Required action: For every entry below, give an exact repeat and leave out the pictures.

Collection entries:
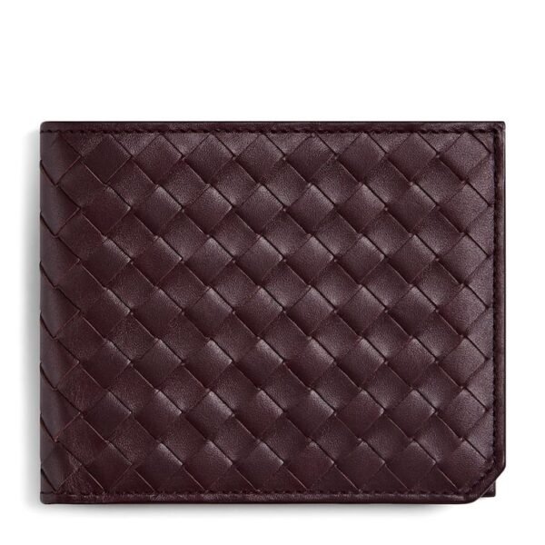 Color: Dark barolo Bi-fold wallet in Intrecciato piccolo calf leather. • Intrecciato piccolo calfskin leather wallet • Eight card slots,
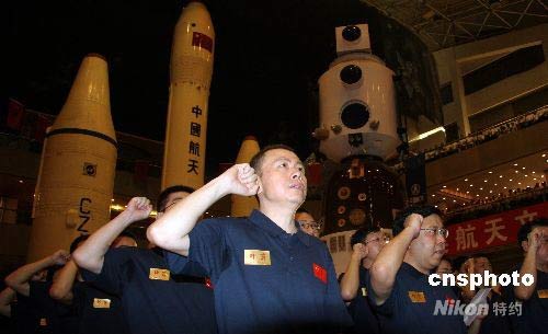 7月19日,伴随着《飞得更高》的激扬乐曲,用于发射“神舟”七号载人飞船的——“长征二号F”运载火箭在中国运载火箭技术研究院举行出征仪式。经过奋力拼搏,“神七”运载火箭“长征二号F”已总装完毕、整装待发,即将奔赴中国酒泉卫星发射中心,执行“神舟”七号载人航天飞行任务。图为“长征二号F”运载火箭总指挥刘宇(前左一)、总设计师荆木春(前左二)和火箭发射队队员一起宣誓出征。中新社发 孙自法 摄
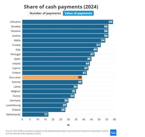 Αν και η χρήση των μετρητών βρίσκεται σε πτώση στη Γηραιά Ήπειρο, καθώς όλο και περισσότεροι Ευρωπαίοι στρέφονται στις ψηφιακές πληρωμές, το χρήμα σε φυσική μορφή κυριαρχεί στις συναλλαγές (52% ο μέσος όρος στην Ευρωζώνη για το 2024). Ωστόσο, το ποσοστό είναι σημαντικά χαμηλότερο (39%) όταν εξετάζεται σε όρους αξίας κάθε πληρωμής.
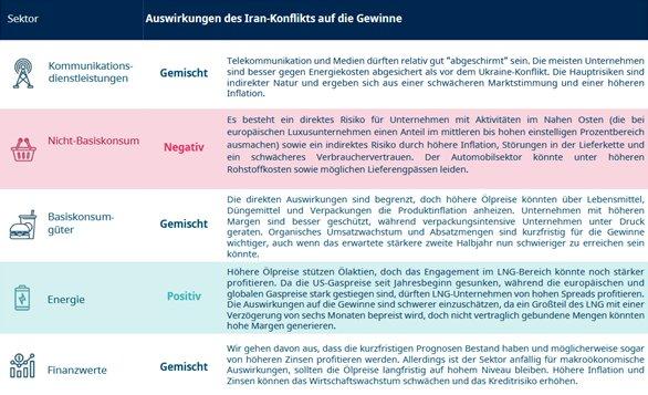 Wir gehen davon aus, dass die Gewinne europäischer Unternehmen im ersten Quartal relativ stabil bleiben. Da der Iran-Konflikt erst Ende Februar begann, dürften die Auswirkungen in den Berichten zum zweiten Quartal und darüber hinaus deutlich sichtbarer werden.
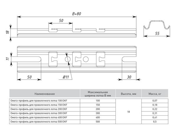Наименование в прайсе производителя Омега-профиль для проволочного лотка 300 (1,5 мм) EKF
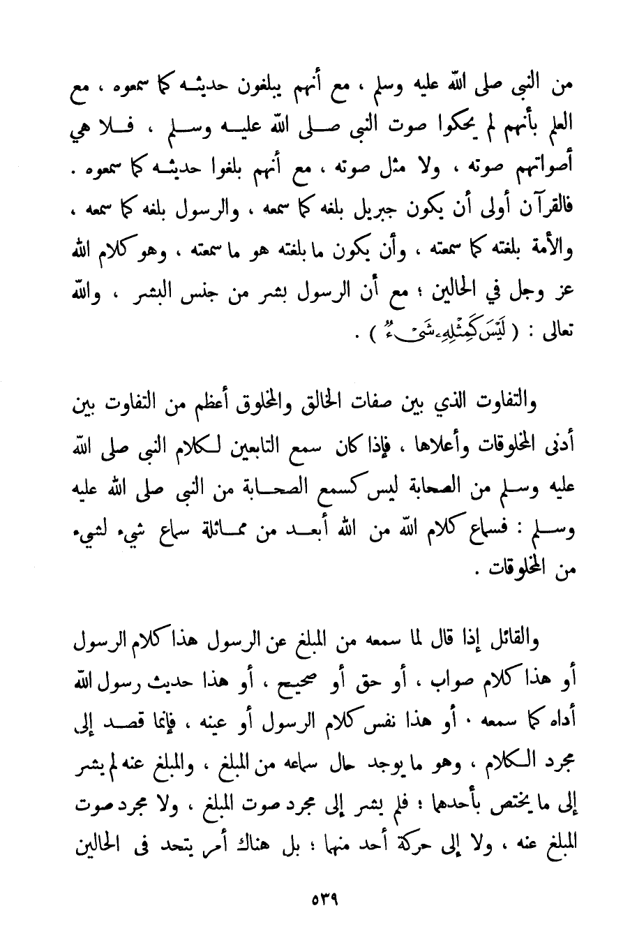 مِنْ النَّبِيِّ صَلَّى اللَّهُ عَلَيْهِ وَسَلَّمَ مَعَ أَنَّهُمْ يُبَلِّغُونَ حَدِيثَهُ كَمَا سَمِعُوهُ مَعَ الْعِلْمِ بِأَنَّهُمْ لَمْ يَحْكُوا صَوْتَ النَّبِيِّ صَلَّى اللَّهُ عَلَيْهِ وَسَلَّمَ فَلَا هِيَ أَصْوَاتُهُمْ صَوْتَهُ وَلَا مِثْلَ صَوْتِهِ مَعَ أَنَّهُمْ بَلَّغُوا حَدِيثَهُ كَمَا سَمِعُوهُ. فَالْقُرْآنُ أَوْلَى أَنْ يَكُونَ جِبْرِيلُ بَلَّغَهُ كَمَا سَمِعَهُ وَالرَّسُولُ بَلَّغَهُ كَمَا سَمِعَهُ وَالْأُمَّةُ بَلَّغَتْهُ كَمَا سَمِعَتْهُ وَأَنْ يَكُونَ مَا بَلَّغَتْهُ هُوَ مَا سَمِعَتْهُ وَهُوَ كَلَامُ اللَّهِ عَزَّ وَجَلَّ فِي الْحَالَيْنِ؛ مَعَ أَنَّ الرَّسُولَ بَشَرٌ مِنْ جِنْسِ الْبَشَرِ " وَاَللَّهُ تَعَالَى: {لَيْسَ كَمِثْلِهِ شَيْءٌ} . وَالتَّفَاوُتُ الَّذِي بَيْنَ صِفَاتِ الْخَالِقِ وَالْمَخْلُوقِ أَعْظَمُ مِنْ التَّفَاوُتِ بَيْنَ أَدْنَى الْمَخْلُوقَاتِ وَأَعْلَاهَا فَإِذَا كَانَ سَمْعُ التَّابِعِينَ لِكَلَامِ النَّبِيِّ صَلَّى اللَّهُ عَلَيْهِ وَسَلَّمَ مِنْ الصَّحَابَةِ لَيْسَ كَسَمْعِ الصَّحَابَةِ مِنْ النَّبِيِّ صَلَّى اللَّهُ عَلَيْهِ وَسَلَّمَ فَسَمَاعُ كَلَامِ اللَّهِ مِنْ اللَّهِ أَبْعَدُ مِنْ مُمَاثَلَةِ سَمَاعِ شَيْءٍ لِشَيْءِ مِنْ الْمَخْلُوفَاتِ. وَالْقَائِلُ إذَا قَالَ لِمَا سَمِعَهُ مِنْ الْمُبَلِّغِ عَنْ الرَّسُولِ هَذَا كَلَامُ الرَّسُولِ أَوْ هَذَا كَلَامٌ صَوَابٌ أَوْ حَقٌّ أَوْ صَحِيحٌ أَوْ هَذَا حَدِيثُ رَسُولِ اللَّهِ أَدَّاهُ كَمَا سَمِعَهُ. أَوْ هَذَا نَفْسُ كَلَامِ الرَّسُولِ أَوْ عَيْنُهُ فَإِنَّمَا قَصَدَ إلَى مُجَرَّدِ الْكَلَامِ وَهُوَ مَا يُوجَدُ حَالَ سَمَاعِهِ مِنْ الْمُبَلِّغِ وَالْمُبَلَّغِ عَنْهُ لَمْ يُشِرْ إلَى مَا يَخْتَصُّ بِأَحَدِهِمَا؛ فَلَمْ يُشِرْ إلَى مُجَرَّدِ صَوْتِ الْمُبَلِّغِ وَلَا مُجَرَّدِ صَوْتِ الْمُبَلَّغِ عَنْهُ وَلَا إلَى حَرَكَةِ أَحَدٍ مِنْهُمَا؛ بَلْ هُنَاكَ أَمْرٌ يَتَّحِدُ فِي الْحَالَيْنِ
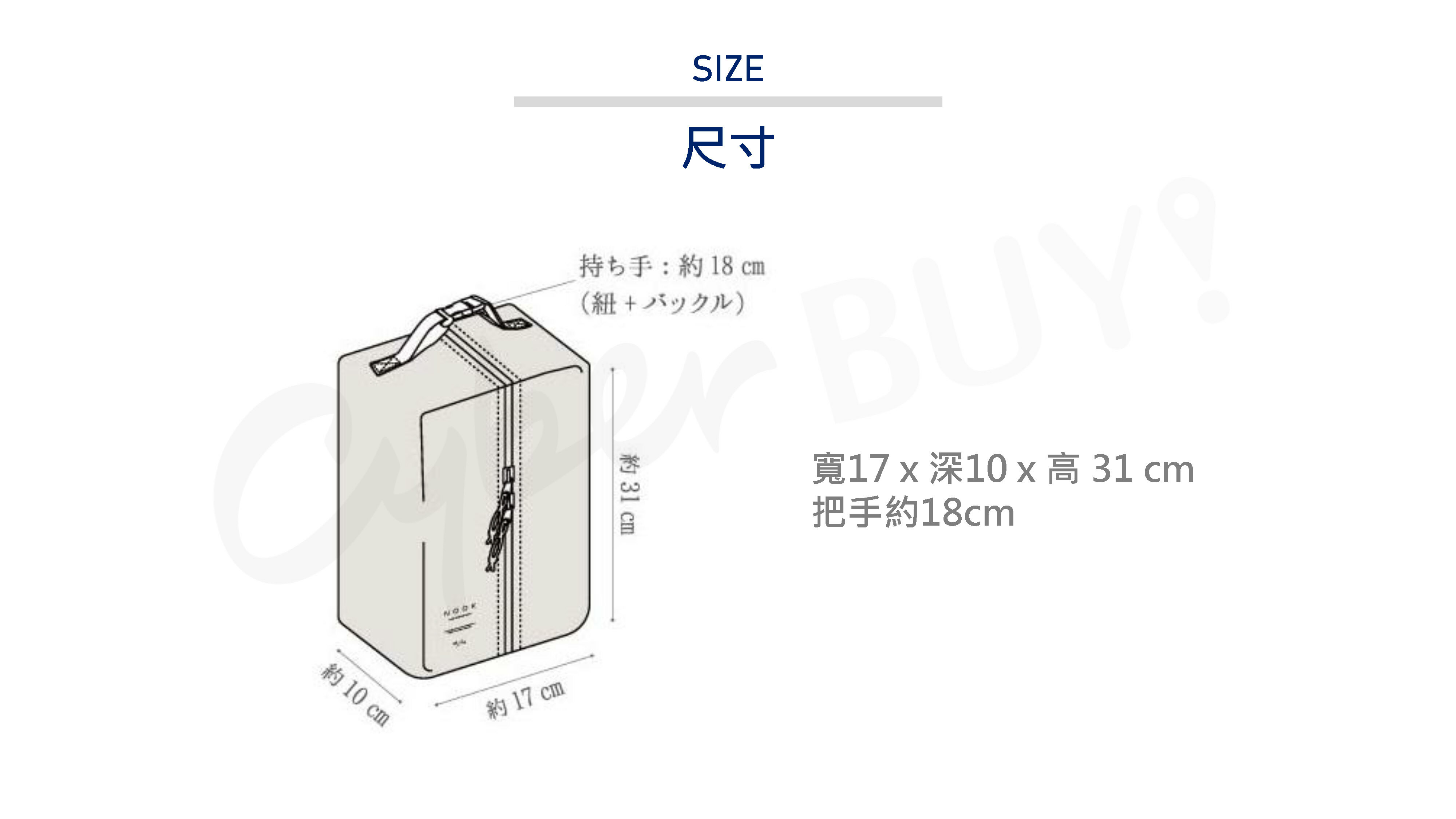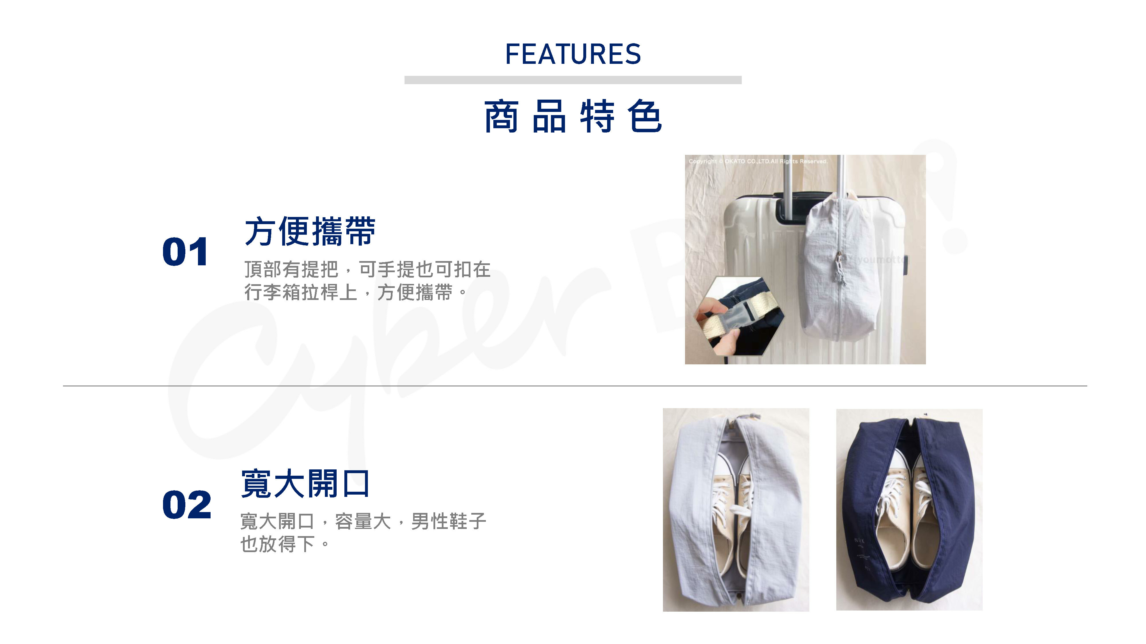 ●鞋子收納袋頂部有提把,可手提也可扣在行李箱拉桿,方便攜帶
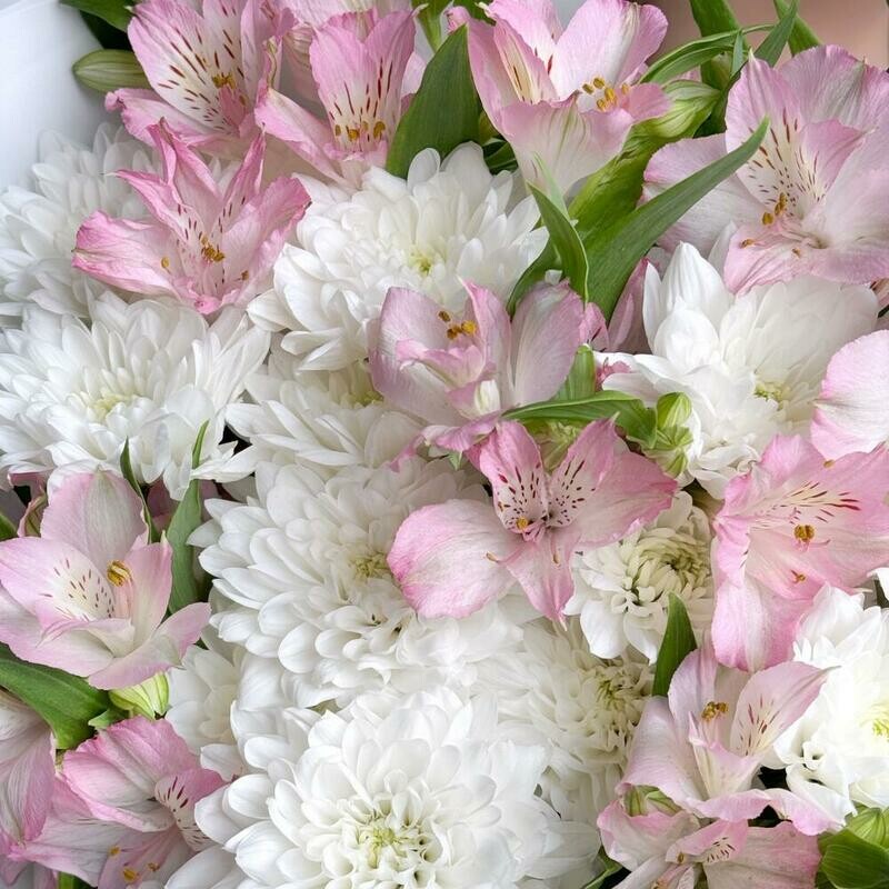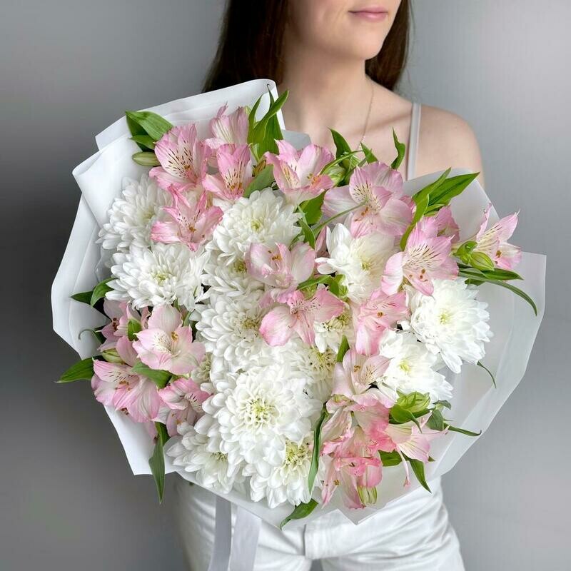 Нежный букет в пастельных тонах из кустовой хризантемы и альстромерии. Эти цветы очень стойкие и будут долго радовать своей красотой :) Не забудьте подрезать цветы НЕПОСРЕДСТВЕННО перед тем как ставить в вазу (после подрезки в течении 2-3 секунд поставьте в воду). Не храните букет на прямых солнечных лучах и возле отопительных приборов, чтобы сохранить цветы свежими как можно дольше. Обратите внимание на размеры букета и фото в полный рост с человеком, для понимания размера композиции, это фото есть в карточке товара :)
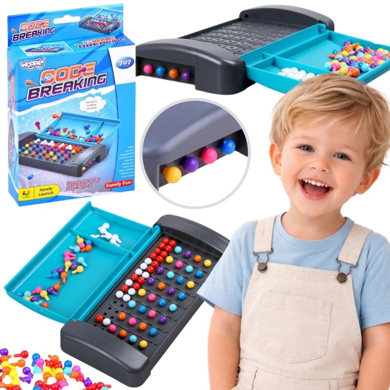 Gra logiczna Łamacz Kodów– wersja podróżna od Woopie to kompaktowa i przenośna wersja kultowej łamigłówki, która idealnie sprawdzi się w domu i w podróży. Zadaniem graczy jest rozgryźć tajny kod przeciwnika za pomocą dedukcji, intuicji i sprytu. Dzięki niewielkim wymiarom zmieści się w plecaku, torbie czy walizce, a zamykane pudełko chroni elementy przed zgubieniem. Gra dedykowana jest dzieciom od 3 roku życia, ale sprawdzi się też jako lekka rozrywka dla starszych graczy.
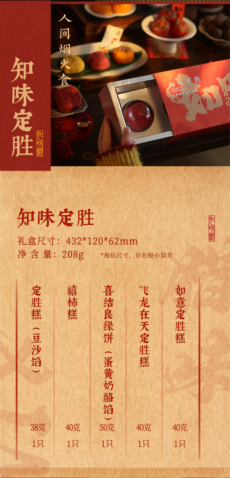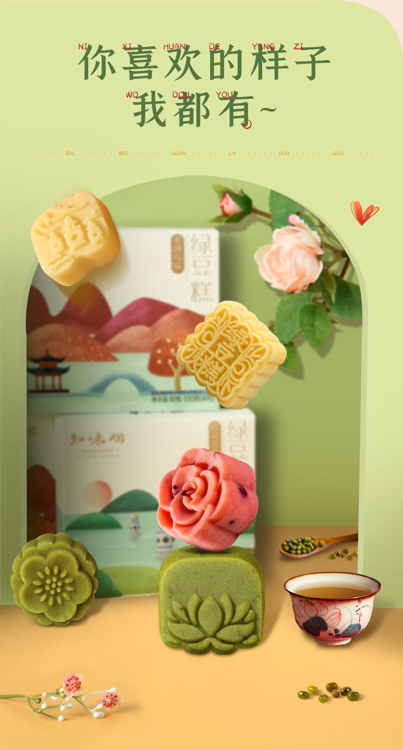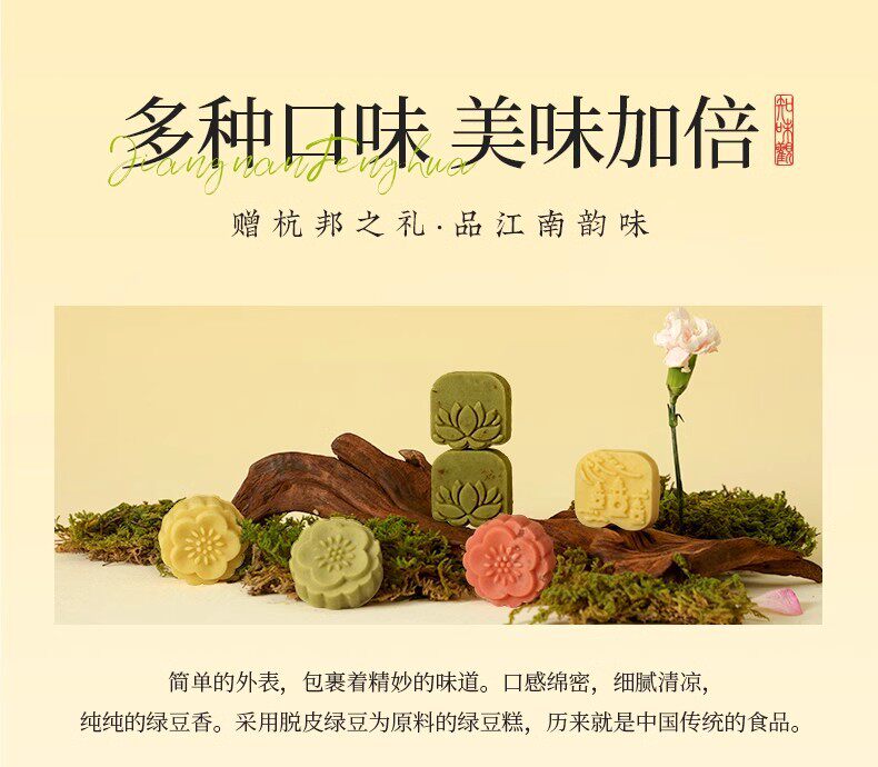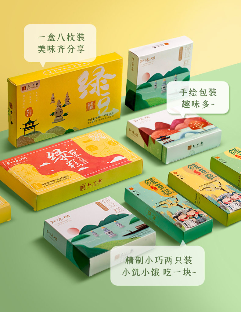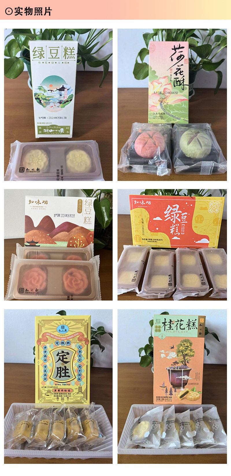 | Packaging specifications | 50g original mung bean cake 2 pack,50g matcha flavored mung bean cake 2 pack,50g osmanthus flavored mung bean cake 2 pack,100g mung bean cake osmanthus longjing tea 4 pack,100g mung bean cake cranberry flavor 4 pieces,100g mung bean cake xylitol 4 pieces,152g dingsheng cake (bean paste),152g dingsheng cake (egg yolk and meat floss),152g dingsheng cake (longjing green tea),160g mahogany cream flavor (pack of 4),160g peach blossom cake hawthorn flavor (pack of 4) |

Problem solution:
 Color: Dark barolo Bi-fold wallet in Intrecciato piccolo calf leather. • Intrecciato piccolo calfskin leather wallet • Eight card slots,
 7月19日,伴随着《飞得更高》的激扬乐曲,用于发射“神舟”七号载人飞船的——“长征二号F”运载火箭在中国运载火箭技术研究院举行出征仪式。经过奋力拼搏,“神七”运载火箭“长征二号F”已总装完毕、整装待发,即将奔赴中国酒泉卫星发射中心,执行“神舟”七号载人航天飞行任务。图为“长征二号F”运载火箭总指挥刘宇(前左一)、总设计师荆木春(前左二)和火箭发射队队员一起宣誓出征。中新社发 孙自法 摄
 Αν και η χρήση των μετρητών βρίσκεται σε πτώση στη Γηραιά Ήπειρο, καθώς όλο και περισσότεροι Ευρωπαίοι στρέφονται στις ψηφιακές πληρωμές, το χρήμα σε φυσική μορφή κυριαρχεί στις συναλλαγές (52% ο μέσος όρος στην Ευρωζώνη για το 2024). Ωστόσο, το ποσοστό είναι σημαντικά χαμηλότερο (39%) όταν εξετάζεται σε όρους αξίας κάθε πληρωμής.
 Wir gehen davon aus, dass die Gewinne europäischer Unternehmen im ersten Quartal relativ stabil bleiben. Da der Iran-Konflikt erst Ende Februar begann, dürften die Auswirkungen in den Berichten zum zweiten Quartal und darüber hinaus deutlich sichtbarer werden.
Наименование в прайсе производителя Омега-профиль для проволочного лотка 300 (1,5 мм) EKF
 مِنْ النَّبِيِّ صَلَّى اللَّهُ عَلَيْهِ وَسَلَّمَ مَعَ أَنَّهُمْ يُبَلِّغُونَ حَدِيثَهُ كَمَا سَمِعُوهُ مَعَ الْعِلْمِ بِأَنَّهُمْ لَمْ يَحْكُوا صَوْتَ النَّبِيِّ صَلَّى اللَّهُ عَلَيْهِ وَسَلَّمَ فَلَا هِيَ أَصْوَاتُهُمْ صَوْتَهُ وَلَا مِثْلَ صَوْتِهِ مَعَ أَنَّهُمْ بَلَّغُوا حَدِيثَهُ كَمَا سَمِعُوهُ. فَالْقُرْآنُ أَوْلَى أَنْ يَكُونَ جِبْرِيلُ بَلَّغَهُ كَمَا سَمِعَهُ وَالرَّسُولُ بَلَّغَهُ كَمَا سَمِعَهُ وَالْأُمَّةُ بَلَّغَتْهُ كَمَا سَمِعَتْهُ وَأَنْ يَكُونَ مَا بَلَّغَتْهُ هُوَ مَا سَمِعَتْهُ وَهُوَ كَلَامُ اللَّهِ عَزَّ وَجَلَّ فِي الْحَالَيْنِ؛ مَعَ أَنَّ الرَّسُولَ بَشَرٌ مِنْ جِنْسِ الْبَشَرِ " وَاَللَّهُ تَعَالَى: {لَيْسَ كَمِثْلِهِ شَيْءٌ} . وَالتَّفَاوُتُ الَّذِي بَيْنَ صِفَاتِ الْخَالِقِ وَالْمَخْلُوقِ أَعْظَمُ مِنْ التَّفَاوُتِ بَيْنَ أَدْنَى الْمَخْلُوقَاتِ وَأَعْلَاهَا فَإِذَا كَانَ سَمْعُ التَّابِعِينَ لِكَلَامِ النَّبِيِّ صَلَّى اللَّهُ عَلَيْهِ وَسَلَّمَ مِنْ الصَّحَابَةِ لَيْسَ كَسَمْعِ الصَّحَابَةِ مِنْ النَّبِيِّ صَلَّى اللَّهُ عَلَيْهِ وَسَلَّمَ فَسَمَاعُ كَلَامِ اللَّهِ مِنْ اللَّهِ أَبْعَدُ مِنْ مُمَاثَلَةِ سَمَاعِ شَيْءٍ لِشَيْءِ مِنْ الْمَخْلُوفَاتِ. وَالْقَائِلُ إذَا قَالَ لِمَا سَمِعَهُ مِنْ الْمُبَلِّغِ عَنْ الرَّسُولِ هَذَا كَلَامُ الرَّسُولِ أَوْ هَذَا كَلَامٌ صَوَابٌ أَوْ حَقٌّ أَوْ صَحِيحٌ أَوْ هَذَا حَدِيثُ رَسُولِ اللَّهِ أَدَّاهُ كَمَا سَمِعَهُ. أَوْ هَذَا نَفْسُ كَلَامِ الرَّسُولِ أَوْ عَيْنُهُ فَإِنَّمَا قَصَدَ إلَى مُجَرَّدِ الْكَلَامِ وَهُوَ مَا يُوجَدُ حَالَ سَمَاعِهِ مِنْ الْمُبَلِّغِ وَالْمُبَلَّغِ عَنْهُ لَمْ يُشِرْ إلَى مَا يَخْتَصُّ بِأَحَدِهِمَا؛ فَلَمْ يُشِرْ إلَى مُجَرَّدِ صَوْتِ الْمُبَلِّغِ وَلَا مُجَرَّدِ صَوْتِ الْمُبَلَّغِ عَنْهُ وَلَا إلَى حَرَكَةِ أَحَدٍ مِنْهُمَا؛ بَلْ هُنَاكَ أَمْرٌ يَتَّحِدُ فِي الْحَالَيْنِ
 ●鞋子收納袋頂部有提把,可手提也可扣在行李箱拉桿,方便攜帶
 Нежный букет в пастельных тонах из кустовой хризантемы и альстромерии. Эти цветы очень стойкие и будут долго радовать своей красотой :) Не забудьте подрезать цветы НЕПОСРЕДСТВЕННО перед тем как ставить в вазу (после подрезки в течении 2-3 секунд поставьте в воду). Не храните букет на прямых солнечных лучах и возле отопительных приборов, чтобы сохранить цветы свежими как можно дольше. Обратите внимание на размеры букета и фото в полный рост с человеком, для понимания размера композиции, это фото есть в карточке товара :)
 Gra logiczna Łamacz Kodów– wersja podróżna od Woopie to kompaktowa i przenośna wersja kultowej łamigłówki, która idealnie sprawdzi się w domu i w podróży. Zadaniem graczy jest rozgryźć tajny kod przeciwnika za pomocą dedukcji, intuicji i sprytu. Dzięki niewielkim wymiarom zmieści się w plecaku, torbie czy walizce, a zamykane pudełko chroni elementy przed zgubieniem. Gra dedykowana jest dzieciom od 3 roku życia, ale sprawdzi się też jako lekka rozrywka dla starszych graczy.
 | Packaging specifications | 50g original mung bean cake 2 pack,50g matcha flavored mung bean cake 2 pack,50g osmanthus flavored mung bean cake 2 pack,100g mung bean cake osmanthus longjing tea 4 pack,100g mung bean cake cranberry flavor 4 pieces,100g mung bean cake xylitol 4 pieces,152g dingsheng cake (bean paste),152g dingsheng cake (egg yolk and meat floss),152g dingsheng cake (longjing green tea),160g mahogany cream flavor (pack of 4),160g peach blossom cake hawthorn flavor (pack of 4) |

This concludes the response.